The move comes after the U.S. decided to impose additional 10% duties on goods imported from China starting March 4.

The unilateral imposition of tariffs by the United States undermines the multilateral trading system, increases the burden on U.S. enterprises and consumers, and damages the foundation of trade and economic cooperation between the two countries, the committee said in a statement quoted by Xinhua news agency.

China has also placed 15 U.S. companies on the export control list. They include Leidos, Gibbs&Cox, IP Video Market Info, Shield AI, Group W, General Atomics Aeronautical Systems and General Dynamics’ unit General Dynamics Land Systems.
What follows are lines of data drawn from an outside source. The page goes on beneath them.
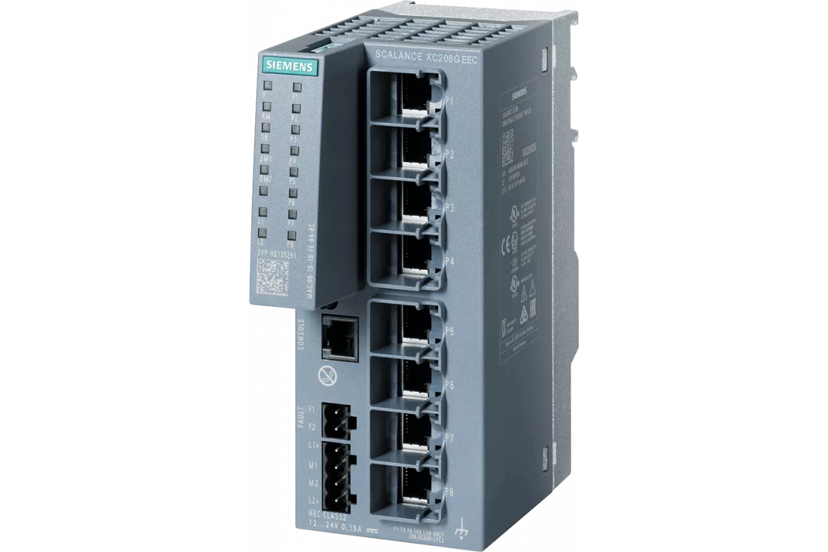 Управляемый промышленный коммутатор 6GK5208-0GA00-2FC2 от Siemens серии SCALANCE предназначен для построения высоконадежных сетей Industrial Ethernet в сложных условиях эксплуатации. Модель SCALANCE XC208G EEC относится к устройствам Layer 2 и обеспечивает стабильную передачу данных в системах промышленной автоматизации.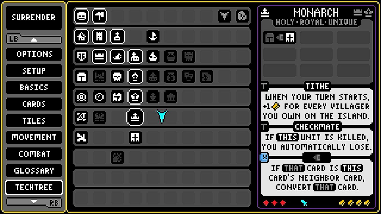 From a simple home to a mighty kingdom; explore, expand, exploit, and exterminate your opponent in this strategic pixel-art chess-like hex game using cards as your pieces and their abilities as your tools. As the saying goes; easy to learn, hard to master.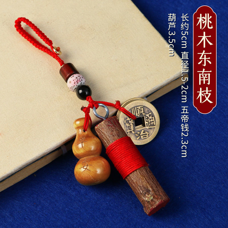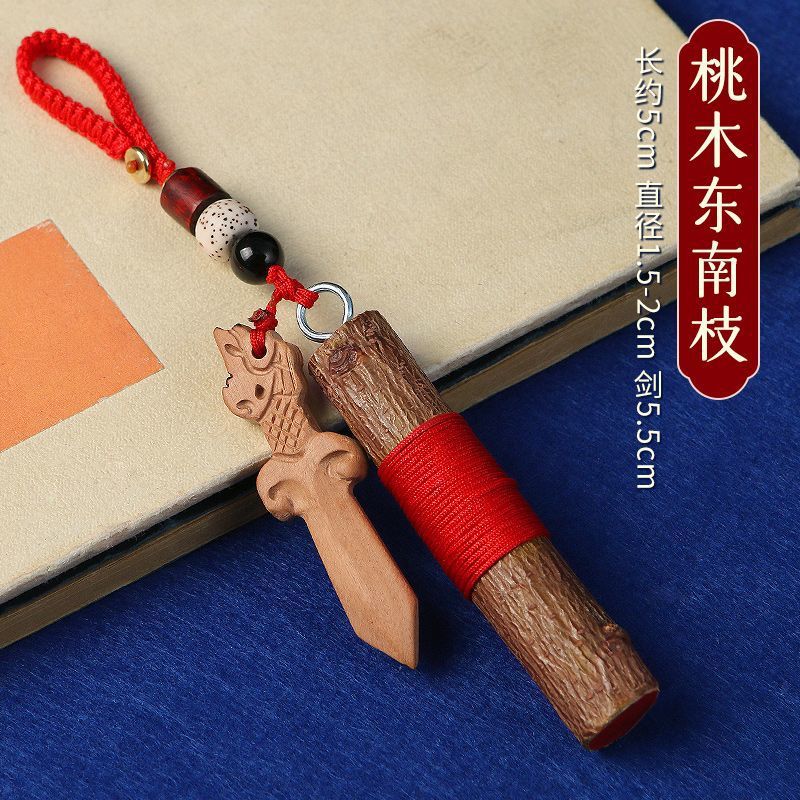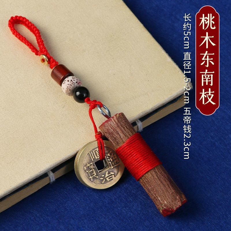 천연 동남 복숭아 나무 지점 Cinnabar 오래된 복숭아 나무 스틱 어린이 아기 집 침대 옆 자동차 운반 펜던트 검 거실

Also included on the list of untrustworthy entities are 10 U.S. companies, which will prohibit them from engaging in China-related imports or exports and making new investments in the country. The names are TCOM, Stick Rudder Enterprises, Teledyne Brown Engineering (a unit of Teledyne Technologies), Huntington Ingalls Industries, S3 AeroDefense, Cubic Corp., TextOre, ACT1 Federal, Exovera and Planate Management Group. Last month, fashion brand owner PVH Corp. and biotech company Illumina Inc. made the list.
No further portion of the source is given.